As noted, there exists an issue as to whether Keystone properly assessed the interest charges in question. It follows that there is an issue as to whether Keystone failed within sixty days after receiving a qualified written request from Mr. Cortez to “make appropriate corrections.” 12 U.S.C. § 2605(e)(2). If so, Keystone would be liable for any resulting damages including any denial of credit because of the reporting of such charges as delinquent to credit reporting agencies. See 12 U.S.C. § 2605(f)(1)(A). Also, insofar as Keystone failed within twenty days to acknowledge in writing the receipt of a qualified written request from Mr. Cortez or within sixty days to provide plaintiffs with a written explanation or clarification of the reasons why Keystone believed the account to be correct, plaintiffs may recover any actual damages resulting from such failure. See 12 U.S.C. § 2605(e)(1)(A), (f)(1)(A).

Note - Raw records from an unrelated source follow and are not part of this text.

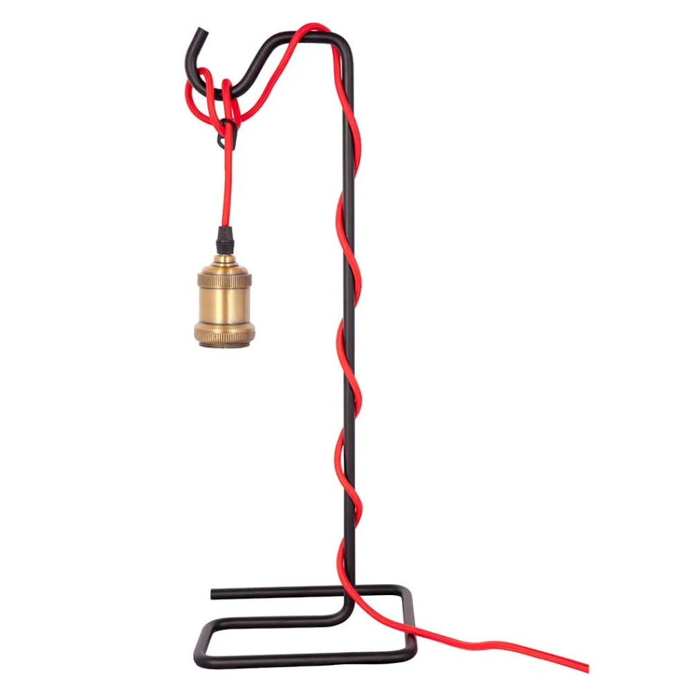 - Ein rotes Kabel wird individuell um den Lampenhalter geschlungen
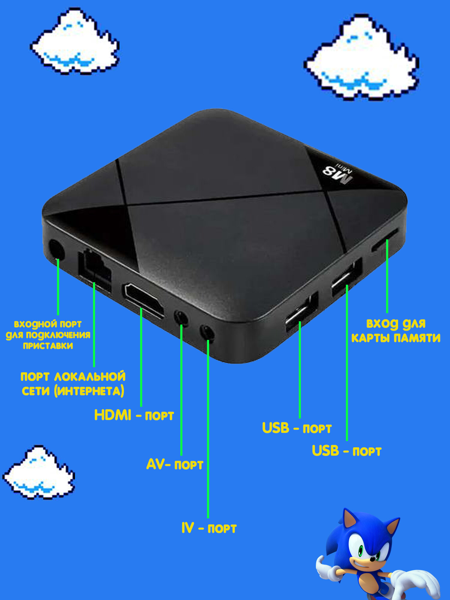 | Дополнительная информация | M8 mini Game Box 1Gb/64Gb; пульт управления; 2 беспроводных джойстика; 1 карта памяти 64Gb с играми; 1 Блок питания для зарядки; 1 HDMI-кабель; 1 -2.4G передатчик; 1 инструкция |
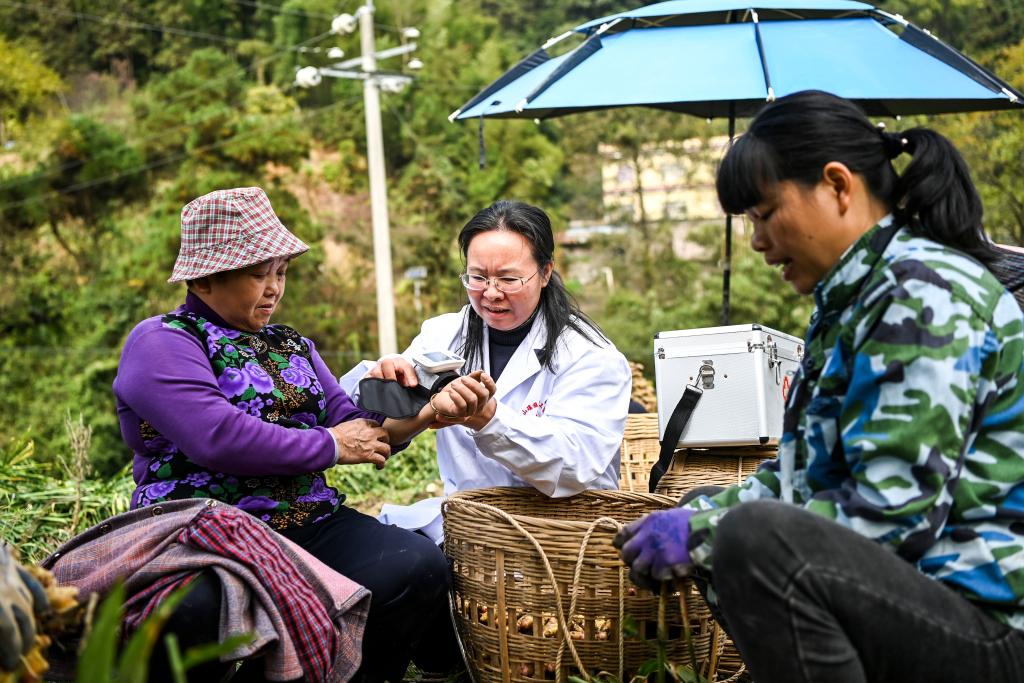 鐘山縣花山瑤族鄉林坪村鄉村醫生唐麗紅(左二)在田間地頭給村民測量血壓(2023年12月6日攝)。

Actual damages encompass compensation for any pecuniary loss including such things as time spent away from employment while preparing correspondence to the loan servicer, and expenses for preparing, photocopying and obtaining certified copies of correspondence. See Rawlings, 64 F.Supp.2d at 1164. Plaintiffs have presented competent evidence that their available credit was decreased by the amount of outstanding interest charges on the account during any given week and they were thus unable to earn interest on other accounts. Insofar as a denial of access to the full amount of the credit line resulted from an improper failure to correct the assessment of interest charges, this would constitute actual damages for which Keystone could be liable.

Plaintiffs have asserted a cognizable RESPA claim and it does not clearly appear from the record presented that they will be unable to sustain it. Keystone thus is not entitled to summary judgment on this claim.

Thanks for the questions and hope this helps.

Paul

This author is not an attorney and this information should not be considered legal advice.  Please consult an attorney for legal advice.